Diversity, evolution, and inheritance form the heart of modern biological thought. Modeling the complexity of biological systems has been a challenge of theoretical biology for over a century [25] and flourished with the evolution of data for describing biological diversity, most recently with the transformative development of high-throughput sequencing. However, most concepts and tools in ecology and population genetics for exploiting diversity data are still not adapted to high throughput data production. A better connection is needed: computational biodiversity.

Paradoxically, diversity emphasizes differences between biological objects, while modeling aims at unifying them under a common framework. This means that there is a limit beyond which some components of diversity cannot be mastered by modeling.

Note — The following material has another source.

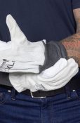 Soft handle leather drivers glove with a FR aramid knit cuff.

We need efficient methods for recognizing patterns in diversity, and linking them to patterns in function. It is important to realize that diversity in function is not the same as coupling observed diversity with function.

Diversity informs both the study of traits, and the study of biological functions. The double challenge is to measure these links quickly and precisely with pattern recognition, and to explore the relations between diversity in traits and diversity in function through modeling.

Pleiade links pattern recognition with modeling in biodiversity studies and biotechnology. We develop distance methods for NGS datasets at different levels of organization: between genomes, between individual organisms, and between communities; and develop high-performance pattern recognition and statistical learning techniques for analyzing the resulting point clouds. We refine inferential methods for building hierarchical models of networks of cellular functions, exploiting the mathematical relations that are revealed by large-scale comparison of related genomes and their models. We combine these methods into integrated e-Science solutions to place these tools directly in the hands of biologists.